Thoughts on the California Wildfires

This blog would be remiss if I did not mention my concern and sadness for the people of California who are living through these horrifying wildfires. The more I read, the more I see on TV, the more real it becomes. I have to confess, that at the outset of these fires, I heard the reporting on the news about "California wildfires" and I just thought, "Oh, well, they go through that every year". But the more I see and hear about these fires, it becomes clear that they are not an "every year" or even an "ever seen before" occurrence. A newspaper here in MN is now reporting that over a million people have been evacuated. I don't remember ever hearing about anything like that before in my life, except possibly Hurricane Katrina. For anyone interested in up-to-the-minute news on the fires and evacuations, click here.

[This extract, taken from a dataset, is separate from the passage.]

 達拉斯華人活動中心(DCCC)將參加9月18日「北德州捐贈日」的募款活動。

Then I read this story about the brave rescuers who are trying to save pets and livestock. I couldn't even read it to the end. My first thought was "I can't imagine leaving my animals behind in a situation like this". My pets would be the first and only things I thought to grab. But I have heard so many tales about how people had to just drop everything and go, I suppose you do just that and worry about your pets later. I've never been in that kind of situation, so I have no idea what it's like. Undoubtedly it's something that will affect these people for the rest of their lives, even if their houses escape unscathed, so I'm certainly in no position to second-guess them.

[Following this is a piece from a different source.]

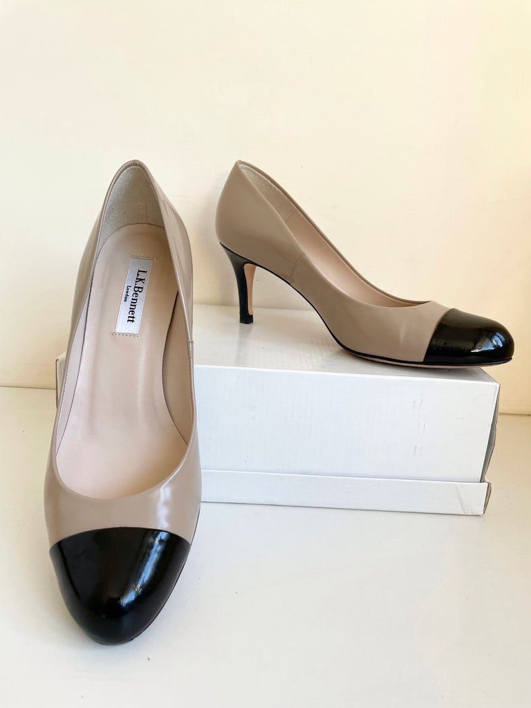 LK BENNETT CAMEL & BLACK PATENT LEATHER HEELS

I also saw a comment posted to a news story that said something like this: "Nobody cares about all those rich so-and-so's in Malibu, they've got insurance, let 'em burn". And I was appalled. But I have heard similar things from others as I've discussed these fires, so I know it's not an altogether uncommon sentiment. I just can't believe that anyone would fail to have empathy toward their fellow humans because "they're rich". After all, my family is not "rich" by any stretch of the imagination--I'm not sure many people would even regard our income as "middle class" right now, but I (and my family) am undoubtedly "richer" than quite a number of people. And I have insurance. But the prospect of losing my home, my woods, my neighbors, my heirlooms, my memories, that has absolutely nothing to do with how "rich" I am, it makes me want to cry for these people, whether they are millionaires or the housekeeper that scrubs the toilets. And it makes me want to cry for the people who respond with such cruelty. I hate the thought that I am even walking on the same planet as someone as full of hate as that.

Anyhow, if you are reading this and are of the praying type, maybe adding California into those prayers wouldn't hurt? They're added into mine, for sure.